Material provided -

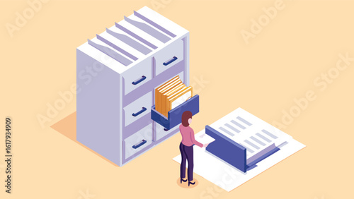 Isometric view of a woman filing documents in a cabinet with an open drawer full of folders
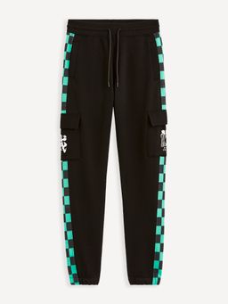 Kultovní animák Demon Slayer. Černé tepláky ze speciální kolekce Demon Slayer. Po stranách vzor zelenočerné kostky a kapsy s klopou a potiskem. Pružný pas se stahovací šňůrkou v bílé barvě. Dlouhé nohavice s pružným lemem.
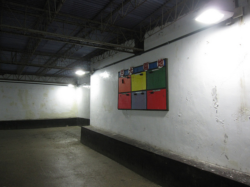 牆上有標語,要是自己一個人時可以喊來壯膽。

Task -
Repeat the line containing "Kultovní animák Demon" and every line after it up to the end of the material above, exactly as they stand, minus the pictures.

Completed task -
 Kultovní animák Demon Slayer. Černé tepláky ze speciální kolekce Demon Slayer. Po stranách vzor zelenočerné kostky a kapsy s klopou a potiskem. Pružný pas se stahovací šňůrkou v bílé barvě. Dlouhé nohavice s pružným lemem.
 牆上有標語,要是自己一個人時可以喊來壯膽。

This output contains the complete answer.